In the data below, reproduce everything exactly except the images.

Exercise data START

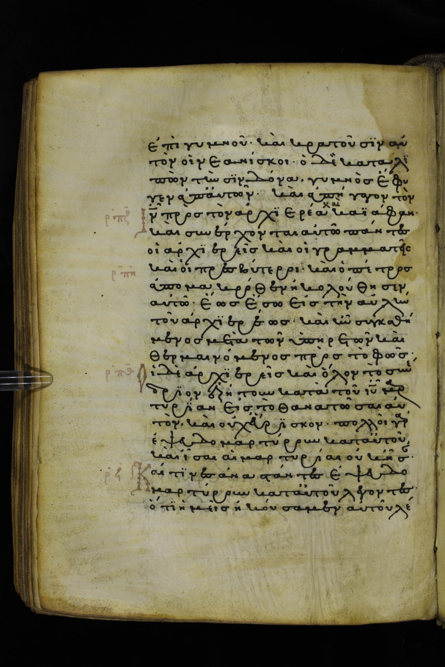 Thirteenth or fourteenth century minuscule of the Gospels on parchment; 312 leaves, 1 column, 19-22 lines per column. Images were taken at the National Library of Greece in Athens.
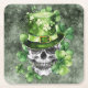 Vivid Skull with Green Hat Illustration Rechteckiger Pappuntersetzer
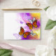 Orange, detailed monarch butterflies on light, purple, picturesque, painted background.
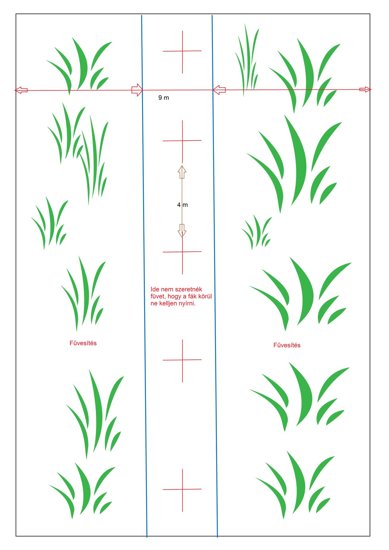 Maga a terület 9m széles ( feketével jelölve a terület ) . A fák a területen középre vannak téve, mivel be van kerítve, és ne lógjon semerre se ki, és könyebb legyen rajta a közlekedés( mert jó hosszú, gyalog később már bajos lenne ) . Ugye be szeretném füvesíteni, viszont én úgy gondoltam, hogy maga ahol a fák vannak középen ( tehát a kékkel jelölt , ott vannak a fák) ott nem füvesíteném be, tehát egy sávon ( lényegében középen a fák körül ) nem lenne füvesítés, hogy ne kelljen ott bohockodni a fák alatt. A fáktól olyan 1-1,5 m szélességet hagynék el és úgy füvesíteném be. Viszont, mivel ugye oda nem kerül fű, így gondolom fel fog jönni ott a gyom, ott mivel ápoljam? Használhatok minimális gyomírtót, ami még nem jut a le a gyökérbe, vagy esetleg rakjak le geotextilt? Ki, hogy csinálná?Köszönöm.
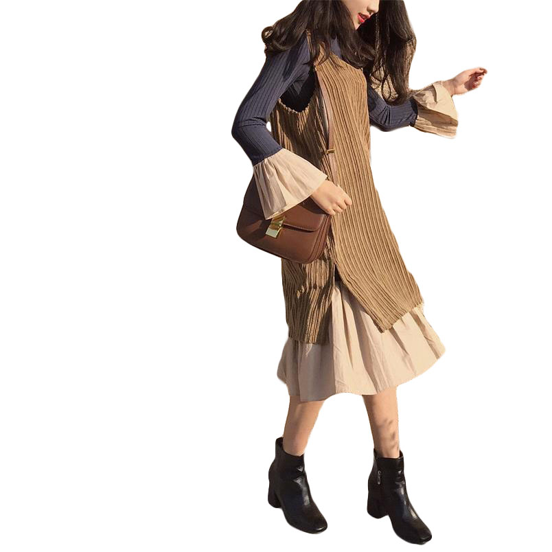 / 韓版秋季女套裝chic修身中長款喇叭袖連衣裙+燈芯絨背心裙兩件套
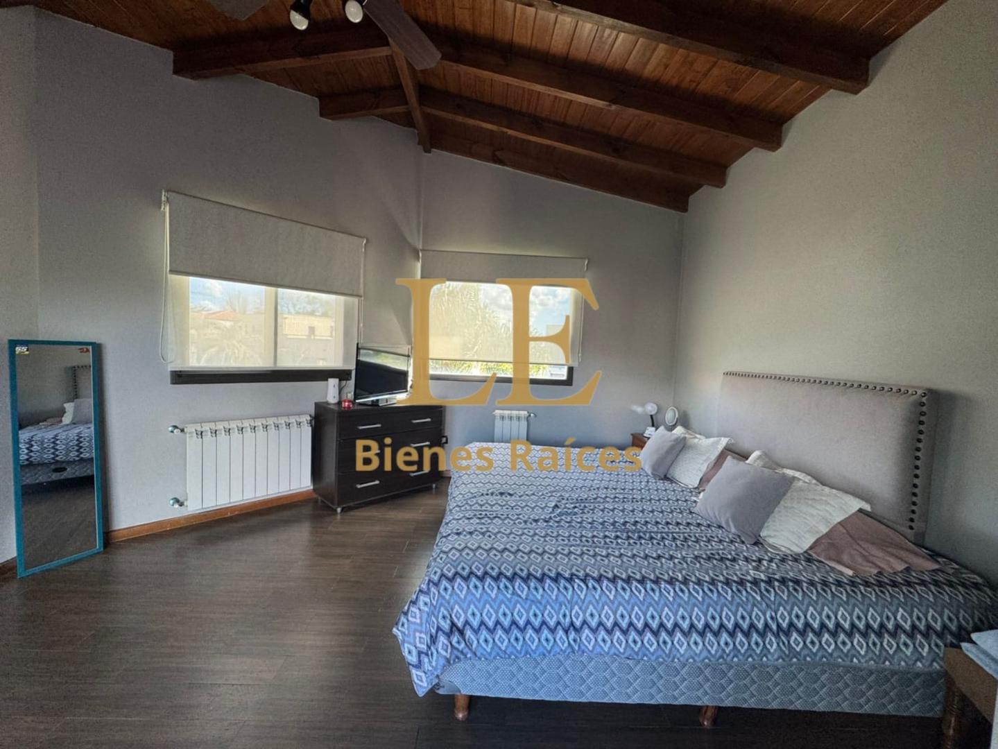 Subiendo al segundo piso, un hall de distribución conecta los dormitorios. La suite principal cuenta con vestidor y baño privado, brindando intimidad y confort. Además, dos dormitorios adicionales comparten un baño compartimentado, pensado para mayor practicidad.
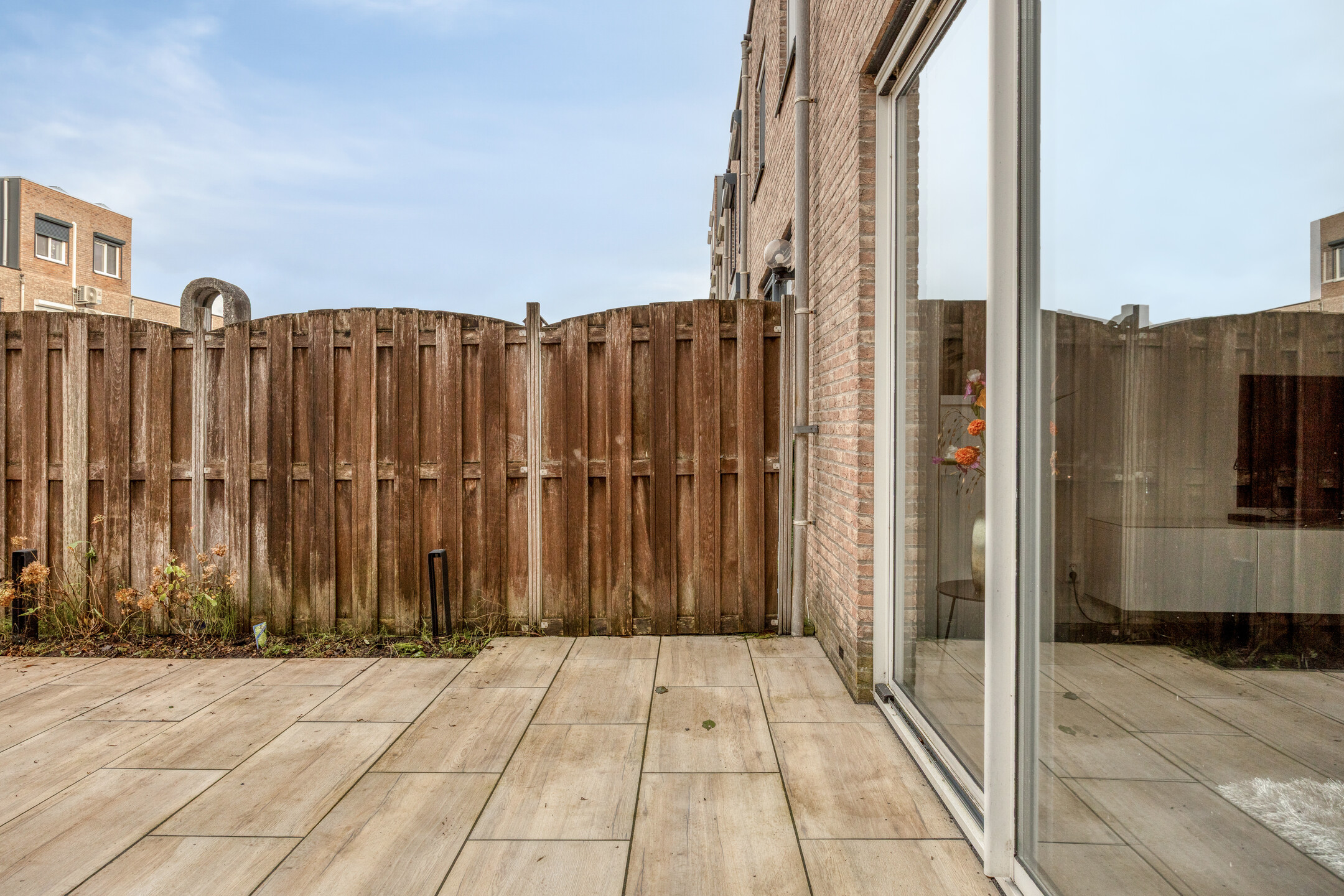 De tuin is volledig betegeld en daardoor onderhoudsarm. De tuin ligt op het noordoosten, daardoor geniet je de gehele dag van de zon. Achterin staat een berging met elektra en uiteraard is er een achterom.

Exercise data END

Your solution:
 Thirteenth or fourteenth century minuscule of the Gospels on parchment; 312 leaves, 1 column, 19-22 lines per column. Images were taken at the National Library of Greece in Athens.
 Vivid Skull with Green Hat Illustration Rechteckiger Pappuntersetzer
 Orange, detailed monarch butterflies on light, purple, picturesque, painted background.
 Maga a terület 9m széles ( feketével jelölve a terület ) . A fák a területen középre vannak téve, mivel be van kerítve, és ne lógjon semerre se ki, és könyebb legyen rajta a közlekedés( mert jó hosszú, gyalog később már bajos lenne ) . Ugye be szeretném füvesíteni, viszont én úgy gondoltam, hogy maga ahol a fák vannak középen ( tehát a kékkel jelölt , ott vannak a fák) ott nem füvesíteném be, tehát egy sávon ( lényegében középen a fák körül ) nem lenne füvesítés, hogy ne kelljen ott bohockodni a fák alatt. A fáktól olyan 1-1,5 m szélességet hagynék el és úgy füvesíteném be. Viszont, mivel ugye oda nem kerül fű, így gondolom fel fog jönni ott a gyom, ott mivel ápoljam? Használhatok minimális gyomírtót, ami még nem jut a le a gyökérbe, vagy esetleg rakjak le geotextilt? Ki, hogy csinálná?Köszönöm.
 / 韓版秋季女套裝chic修身中長款喇叭袖連衣裙+燈芯絨背心裙兩件套
 Subiendo al segundo piso, un hall de distribución conecta los dormitorios. La suite principal cuenta con vestidor y baño privado, brindando intimidad y confort. Además, dos dormitorios adicionales comparten un baño compartimentado, pensado para mayor practicidad.
 De tuin is volledig betegeld en daardoor onderhoudsarm. De tuin ligt op het noordoosten, daardoor geniet je de gehele dag van de zon. Achterin staat een berging met elektra en uiteraard is er een achterom.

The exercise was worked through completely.